TCP

Reference notes.

TCP (Transmission Control Protocol) provides reliable, ordered, error-checked delivery of data between applications. It’s the transport layer protocol behind HTTP, SSH, SMTP, and most internet traffic.

TCP vs UDP

Feature	TCP	UDP
Connection	Connection-oriented (handshake)	Connectionless
Reliability	Guaranteed delivery, retransmissions	Best-effort, no retransmissions
Ordering	Ordered delivery	No ordering guarantee
Flow control	Yes (sliding window)	No
Congestion control	Yes (CUBIC, BBR)	No
Header size	20-60 bytes	8 bytes
Use cases	HTTP, SSH, email, file transfer	DNS, gaming, streaming, VoIP, QUIC

UDP wins when speed matters more than reliability, or when the application handles reliability itself (e.g., QUIC implements its own reliable transport over UDP).

Connection Lifecycle

Three-Way Handshake (Connection Setup)

Client              Server
  |--- SYN ----------->|    1. Client sends SYN (seq=x)
  |<-- SYN-ACK --------|    2. Server responds SYN-ACK (seq=y, ack=x+1)
  |--- ACK ----------->|    3. Client sends ACK (ack=y+1)
  |                     |    Connection established

Both sides agree on initial sequence numbers, preventing old packets from being confused with new connections.

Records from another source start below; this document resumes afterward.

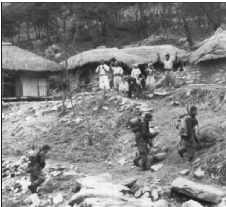
TROOPS OF 2 ND PPCLI DURING PATROL, MARCH 1951.

From all of these records of wars, the observations of the individuals who took part stand out as reminders of the true nature of conflict. Through knowledge of the realities, we may work more diligently to prevent them from happening again.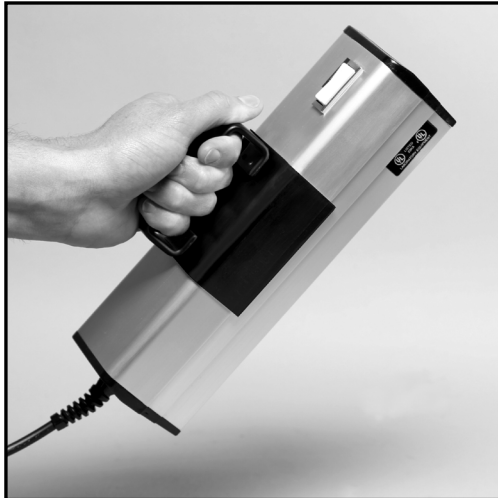
LAMP WITH CARRYING HANDLE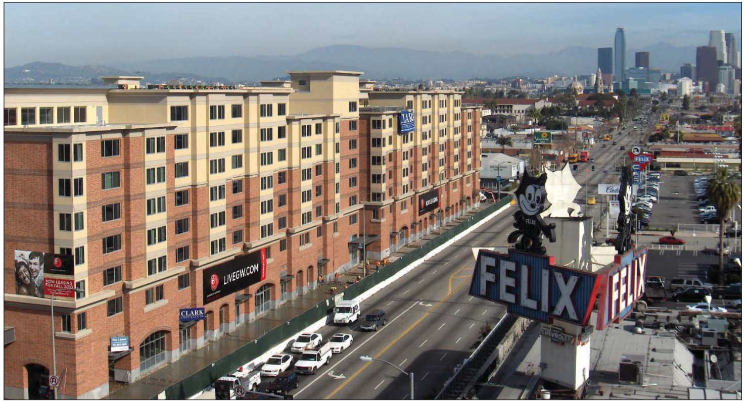
University Gateway, located directly across from the USC campus, also provides views of downtown Los Angeles

Though it is an off-campus housing facility, University Gateway was designed and built to extend the feel of the nearby USC campus. The structure's exterior of cement plaster, glass, and brick matches the predominant USC aesthetic. Open courtyards, roof decks, and landscaped exterior areas provide residents with convenient social spaces. Ample on-site bike storage and planned

Four-Way Teardown (Connection Close)

Client              Server
  |--- FIN ----------->|    1. Client done sending
  |<-- ACK ------------|    2. Server acknowledges
  |<-- FIN ------------|    3. Server done sending
  |--- ACK ----------->|    4. Client acknowledges
  |                     |    Connection closed

Either side can initiate. The side that sends the first FIN enters TIME_WAIT state (typically 2× MSL = 60 seconds) to handle delayed packets.

TCP Fast Open (TFO)

Eliminates one round trip on repeat connections. The server issues a cookie on the first connection; the client includes it with data in the SYN of subsequent connections, allowing data transfer before the handshake completes. Saves ~100ms on typical connections. Supported in Linux 3.7+.

Flow Control

Sliding Window

TCP uses a receive window to prevent the sender from overwhelming the receiver. The receiver advertises how many bytes it can accept; the sender must not have more than that amount of unacknowledged data in flight.

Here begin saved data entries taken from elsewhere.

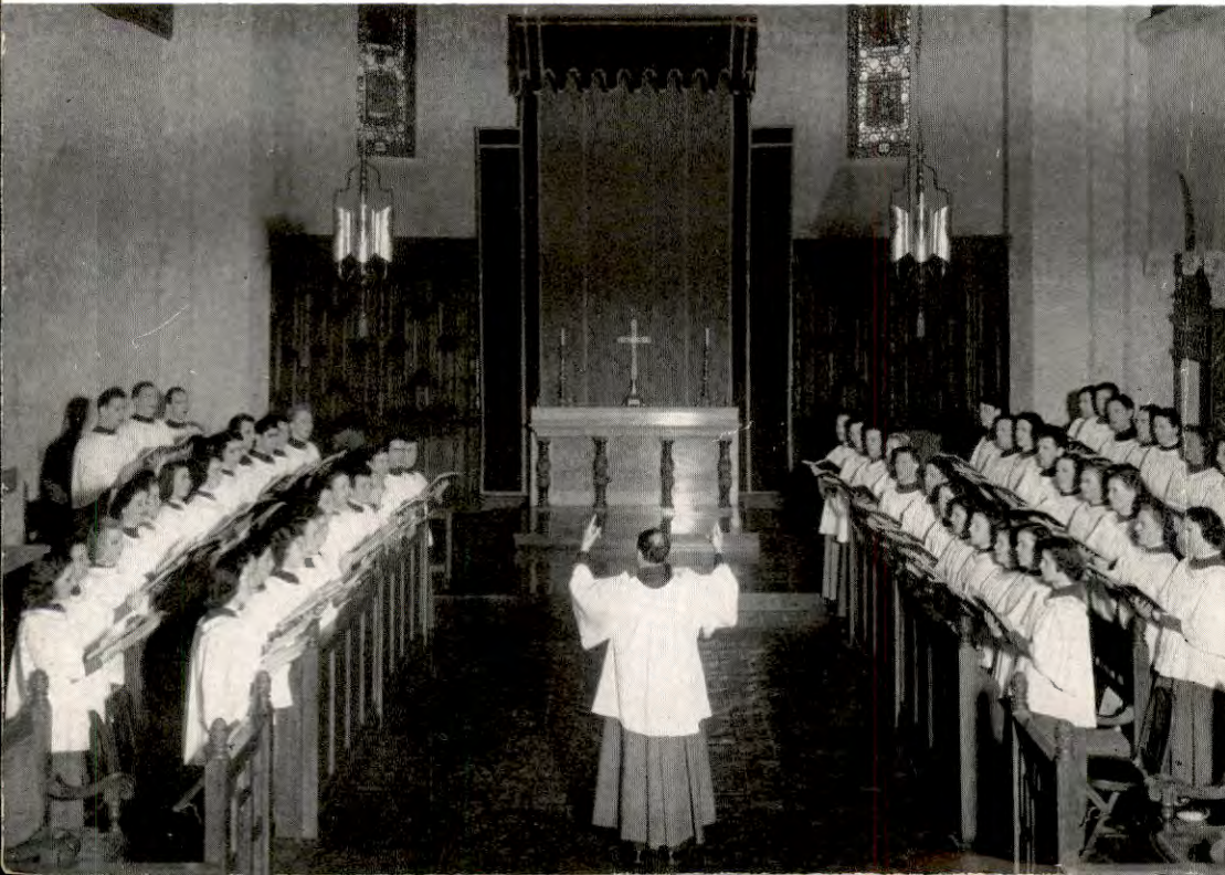
APPROXIMATELY SIXTY ROLLINS STUDENTS SING IN THE CHAPEL CHOIR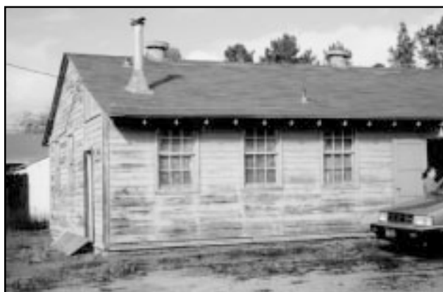
Figure 41. The San Luis Obispo County Archaeological Society storage building is located on Cuesta College.

The San Luis Obispo County Archaeological Society (SLOCAS) occupies two adjacent buildings, numbered 1522 and 1523, on the campus of Cuesta College (Figure 41). The buildings used to be part of the adjacent Camp San Luis Obispo, and are therefore of military construction. Both buildings were built in 1939–1940 and originally served as barracks. Artifacts from Camp San Luis Obispo are housed in one 1,400 ft 2 building, which has a concrete foundation, wood exterior walls, and a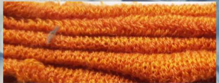
2 ply acrylic yarn made on 7 gauge and 3D emboss effect hand done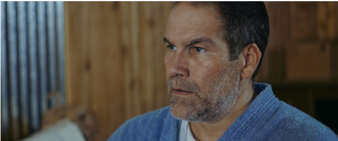
Fig. 6. Malachi after color correction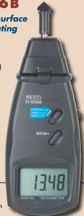
Photo Range: 5 to 99,999 rpm Contact Range: 5 to 19,999 rpm Surface Speed Range: 0.05 to 1,999 mpm Accuracy: \pm(0.5\% + 1 \text{ digit}) Sampling Rate: 1/second Dimensions: 6.3 x 2.8 x 1.5" Weight: 7.9 oz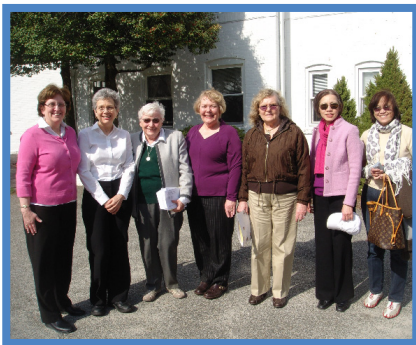
Sharing Our Stories at Rye (April)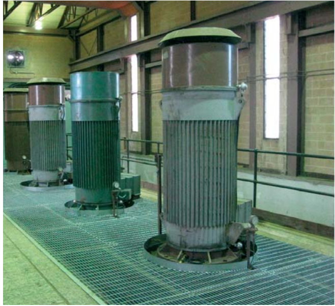
Existing installation (left) and new installation (right)

oor Monkton Raw Water Pump Station (RPS) is a river abstraction pump station located on the River Ouse, north of York, which transfers raw water to Eccup Water Treatment Works (WTW) and reservoir through a dedicated 28km cross-country pipeline. A booster pump station lies approximately half way along the pipe close to Wetherby. Yorkshire Water Services (YWS) commissioned CostainMouchel to replace life-expired and noncompliant High Voltage (HV) switchgear life-expired pump sets at Moor Monkton RPS. The maximisation of the river abstraction licence, up to 142MI/d dependent on river levels (to facilitate Yorkshire Water Services' Water Resources Allocation Plan, WrAP), was also a requirement that necessitated new pumps at Wetherby booster pump station. CostainMouchel's solution provided the lowest whole life cost for the client.

Window scaling (RFC 7323) — The original 16-bit window field limits the window to 64KB, far too small for modern high-bandwidth links. Window scaling extends this up to ~1GB using a multiplier negotiated during the handshake. Essential for high-bandwidth, high-latency links (e.g., 10Gbps with 50ms RTT needs ~62MB window).

Nagle’s Algorithm

Buffers small writes and sends them together to reduce the number of tiny packets. Waits until either enough data accumulates or the previous packet is acknowledged. Can cause latency issues in interactive applications — disabled with TCP_NODELAY socket option. Interacts poorly with delayed ACKs (receiver waits ~40ms before ACKing), causing the “Nagle-delayed ACK deadlock” (200ms delays). Most modern applications set TCP_NODELAY.

Congestion Control

Congestion control prevents TCP from overwhelming the network (distinct from flow control, which protects the receiver). The sender maintains a congestion window (cwnd) limiting data in flight.

Classic Phases

Slow start — cwnd starts small (typically 10 segments), doubles each RTT. Grows exponentially until loss occurs or ssthresh is reached.
Congestion avoidance — After reaching ssthresh, cwnd grows linearly (1 segment per RTT). Probes for capacity gradually.
Fast retransmit — After 3 duplicate ACKs, retransmit the lost segment immediately without waiting for a timeout.
Fast recovery — After fast retransmit, halve cwnd and continue with congestion avoidance (don’t restart from slow start).

CUBIC

The default congestion control algorithm in Linux, Windows, and macOS. Loss-based — uses packet loss as the signal for congestion.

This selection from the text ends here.